City Council to weigh paid coronavirus sick days next week
Pittsburgh City Council members will question the Peduto administration Monday evening about proposed COVID-19 paid sick leave for all workers in city limits.
On the agenda so far for the 6 p.m. special fact-finding meeting is Dan Gilman, the mayor’s chief of staff.
No public comment will be taken.
The city won its fight for paid sick leave in July 2019 when the Pennsylvania Supreme Court upheld the local ordinance following four years of litigation brought on by challenges from private employers. Any worker employed within municipal boundaries is now entitled to up to 40 hours of paid sick time, depending on the size of the employer.
The Peduto administration wants to expand those rights to include additional time off for workers who test positive for the coronavirus or those who need to isolate after exposure.
“The prime example I’ve given is somebody who works in an environment [where] another colleague has tested positive, and the Health Department or their employer has said, ‘Jane or John Doe, you can’t work for the next 10 days.
You have to go home and quarantine, and you won’t be paid because you’re not working.’ For those people, that is their lifeline for food on the table,” Mr.

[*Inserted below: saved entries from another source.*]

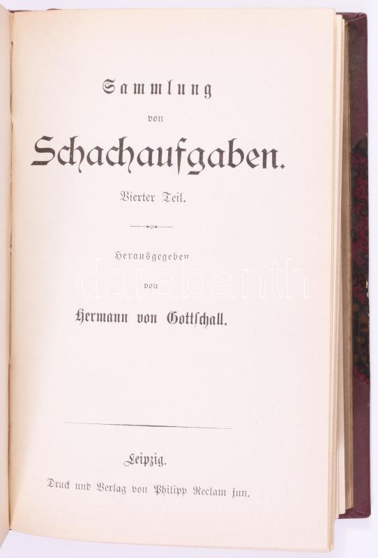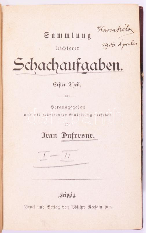 Jean Dufresne: Sammlung leichterer Schachaufgaben I-IV. Hrsg. und mit erörternder Einleitung versehen von - -. Leipzig,én.,Philipp Recalm, 213+3;+262 p.; 229+3;+222+1 p. Német nyelven. 1906-os névbejegyzéssel. Átkötött egészvászon-kötés, kissé kopott borítókkal.
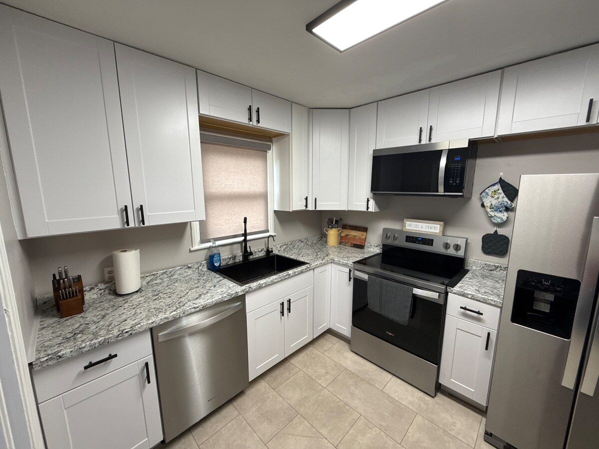 Casa recentemente ristrutturata con 4 camere da letto e 2 bagni, situata a due isolati dai campi da baseball e calcio della KSU. A meno di 10 minuti a piedi dal Bramlage e dal Bill Snyder Family Stadium. Due zone giorno separate, ciascuna con la propria smart TV. Master suite con bagno privato e smart TV. Tutti i mobili, materassi, biancheria da letto, asciugamani, ecc. sono nuovi. Goditi un caffè dalla macchina Keurig presso la postazione del bar. Veranda chiusa con zona bar e posti a sedere aggiuntivi. Parcheggio privato per due veicoli.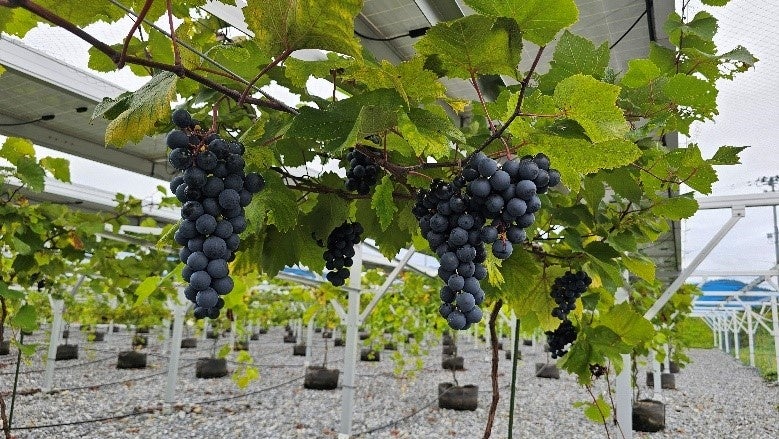 さらに独自の取り組みとして、太陽光を農地(ぶどう畑)とその上部空間を活用した太陽光発電で共有する「ソーラーシェアリング」を行っております。これにより発電された再生可能エネルギーを園内で消費するだけでなく、ソーラーパネル自体がぶどうの生育を阻害する雨を防ぐ雨除けとして、ぶどうの生育環境を整える役割を果たしています。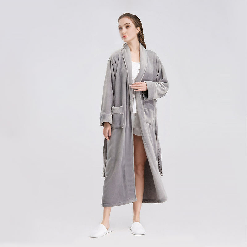 Autumn and winter thickened and elongated flannel solid green collar lapel dressing gown
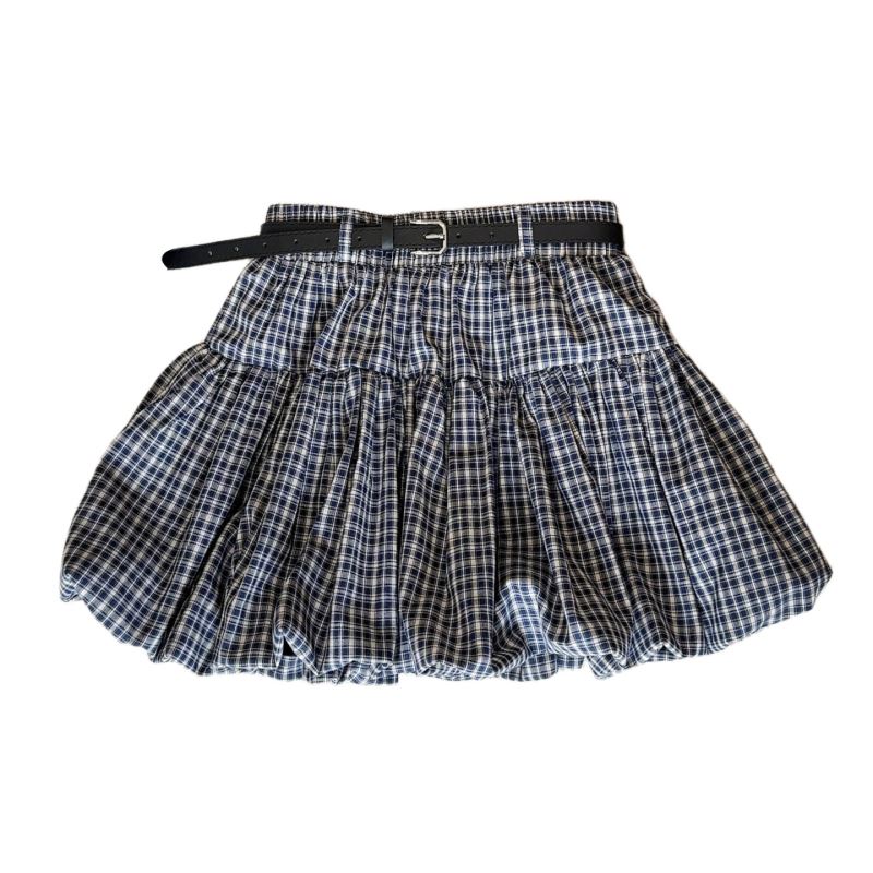 落ち着いた色合いのチェックスカートで、カジュアルからきれいめまで幅広いスタイルに対応。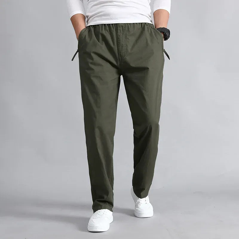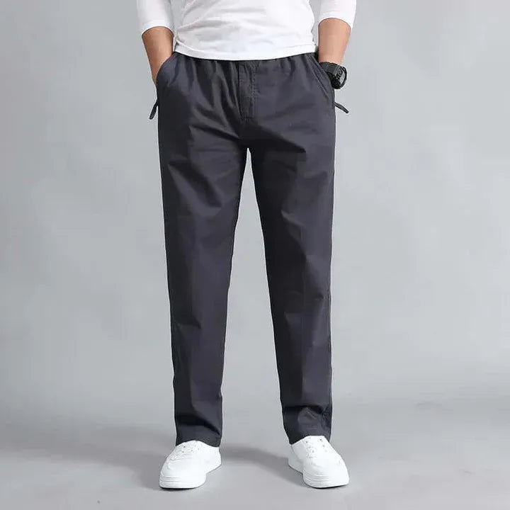 Deze herenbroek, gemaakt van een lichte geweven stof, biedt een relaxte pasvorm. Voorzien van een elastische tailleband met trekkoord voor comfort.

Gilman said Wednesday to council’s standing committee.
The committee gave an affirmative recommendation to the legislation, with Council President Theresa Kail-Smith and Councilman Anthony Coghill abstaining.
Councilman Corey O’Connor, sponsor of the 2015 Paid Sick Days Act, said he wanted assurance from the administration’s Law Department that amending the ordinance would not open the city for further legal challenges. He estimates the local law protects 40,000 workers.
As of Friday morning, the meeting with the city’s legal team had yet not happened, Mr. O’Connor said.
“Obviously, I support it. ... I just want to make sure this in no way jeopardizes the original bill,” he said Friday.
The meeting will be livestreamed on the city’s YouTube channel.